X = df.drop(columns=[target_col])
y = df[target_col]


In [None]:
X_train, X_test, y_train, y_test = train_test_split(
    X, y, test_size=0.2, random_state=42
)

model = Pipeline([
    ("scaler", StandardScaler()),
    ("lasso_cv", LassoCV(alphas=None, cv=5, random_state=42, max_iter=10000))
])

model.fit(X_train, y_train)

best_alpha = model.named_steps["lasso_cv"].alpha_
best_alpha


In [None]:
lasso = model.named_steps["lasso_cv"]
coef = pd.Series(lasso.coef_, index=X.columns)

selected = coef[coef != 0].sort_values(key=np.abs, ascending=False)
dropped = coef[coef == 0].index.tolist()

print("Best alpha:", best_alpha)
print("Selected features (non-zero coefficients):")
display(selected.to_frame("Coefficient"))

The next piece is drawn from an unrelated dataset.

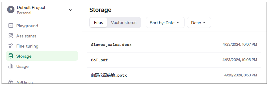 不过,如果我们不选择任何一个向量存储库(也就是Vector Stores)的ID,OpenAI也会把文件存储在Storage的Files中,而且会为这些文件自动创建一个向量存储库,如下图所示。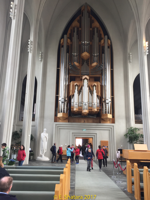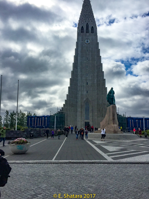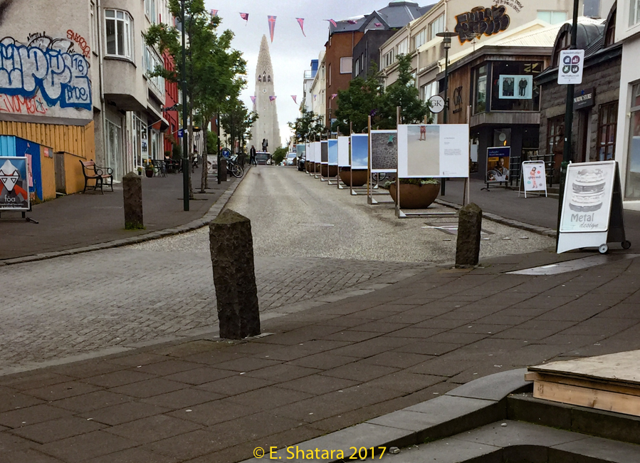 The shopping area in Reykjavik. at the top of the street is the Hallgrimskirkja, a Luthern Church standing 244 feet high.

y_pred = model.predict(X_test)
rmse = mean_squared_error(y_test, y_pred, squared=False)
r2 = r2_score(y_test, y_pred)

print(f"Test RMSE: {rmse:.4f}")
print(f"Test R^2 : {r2:.4f}")


## Interpretation

- LASSO selects a **sparse** subset of predictors by shrinking less-informative coefficients to zero.
- The retained (non-zero) coefficients highlight variables most strongly associated with the target property.
- This feature set can be used in subsequent models to reduce complexity while preserving predictive performance.